Deputy Minister of Defense and Aviation
- In office: 1978 – 5 November 2011
- Predecessor: Turki II bin Abdulaziz Al Saud
- Successor: Khalid bin Sultan
- Prime Minister: List King Khalid; King Fahd; King Abdullah; ;
- Born: 1931 Kingdom of Nejd and Hejaz
- Died: 13 July 2017 (aged 85–86)
- Burial: 15 July 2017 Al Adl cemetery, Mecca
- Spouse: Maha Al Ibrahim; Munira bint Turki bin Ahmed Al Sudairi;

Names
- Abdul Rahman bin Abdulaziz bin Abdul Rahman bin Faisal Al Saud
- House: Al Saud
- Father: King Abdulaziz
- Mother: Hussa bint Ahmed Al Sudairi
- Education: University of California, Berkeley; California Military Academy;

= Abdul Rahman bin Abdulaziz Al Saud =

Saudi royal and government official (1931–2017)

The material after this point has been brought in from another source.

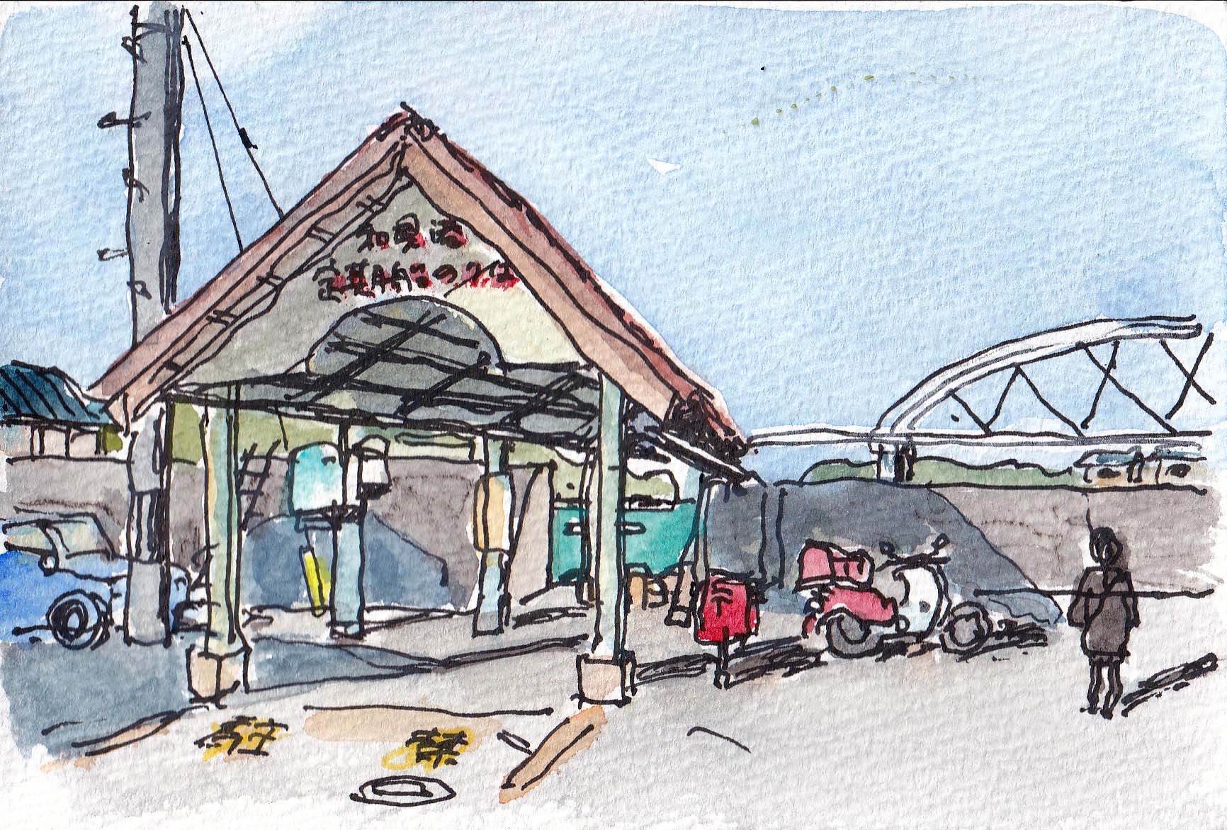 近鉄「宇陀」の観光案内所で聞いたら、和具のバス停から渡船乗り場までは歩いて15分程度とのことだったが、実際にははるかに遠かった。目抜き通りの筈だが、どの店もシャッターが下り 廃業していた。私の30年前の記憶では活気があったのだが・・・。1軒だけ魚屋が開いていて鮮魚を並べていた。「カマス6匹500円」の表示を見て妻が「東京では1匹350〜400円している」と言う。壁には現在の皇太后ご夫妻が天皇陛下の時代に この地に来られた時の大きな写真が貼ってある。「ついこの間よ」とお婆ちゃんが言う。 辿り着いた渡船乗り場には若者が二人居た。思わず「こちらのご出身ですか?」と聞いてしまった。「自分らは名古屋の会社の者ですが、この地の商船高校へ求人に来たのです」。今回の旅行 高齢化・過疎化の現実を見せつけられた。政治にもこの流れを変える力は無いだろうと気が滅入った。(2025-11-14載)

Abdul Rahman bin Abdulaziz Al Saud (عبد الرحمن بن عبد العزيز آل سعود, ʿAbd ar Raḥman ibn ʿAbd al ʿAzīz Āl Suʿūd; 1931 – 13 July 2017) was a senior member of the House of Saud and Saudi Arabian deputy minister of defense and aviation. At the time of his death, he was the oldest living member of the Sudairi Seven.

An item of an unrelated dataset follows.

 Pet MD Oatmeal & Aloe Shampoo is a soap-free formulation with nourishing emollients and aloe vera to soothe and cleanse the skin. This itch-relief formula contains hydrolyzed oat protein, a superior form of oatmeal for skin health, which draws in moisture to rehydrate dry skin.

==Early life and education==
Abdul Rahman was born in 1931 as the sixteenth son of King Abdulaziz and third son of Hussa bint Ahmed Al Sudairi. He was the first of King Abdulaziz's sons to study in the West and received a bachelor's degree in economics and business administration from the University of California, Berkeley. He also graduated from the California Military Academy.

==Career==
Prince Abdul Rahman was the counsellor for royal family affairs during the mid-1970s. He replaced his brother, Prince Turki, as the deputy minister of defense and aviation in 1978 when Turki resigned. Prince Abdul Rahman also involved in business activities.

During Prince Sultan’s absence from the Kingdom for medical treatment, he increased his activity at the ministry. Abdul Rahman was often described as becoming more irritable with age.

He was relieved from his post as deputy minister on 5 November 2011. According to Al-Quds Al-Arabi, he was dismissed by King Abdullah when, unhappy at being bypassed as crown prince in favor of Prince Nayef, he refused to declare allegiance to Nayef.

==Views and succession==
Following the Gulf War, Prince Abdul Rahman, as deputy defense minister, objected to the request of Prince Khalid bin Sultan to be named as the chief of staff of the Saudi army.

==Personal life and death==
Prince Abdul Rahman married Maha Al Ibrahim, sister of King Fahd's wife Al Jawhara Al Ibrahim and Al Ibrahim's brothers (including Waleed Al Ibrahim). Another wife was Munira bint Turki bin Ahmed Al Sudairi. His son-in-law is Nayef bin Fawwaz Al Sha'lan. One of Abdul Rahman's son, Mohammed, was named the deputy governor of Riyadh in 2017.

Abdul Rahman died on 13 July 2017 at the age of 86. Funeral prayers were performed at the Grand Mosque in Mecca on 15 July, and he was buried at Al Adl cemetery. One of his sons, Saud, died in November 2021, just a few years after Abdul Rahman.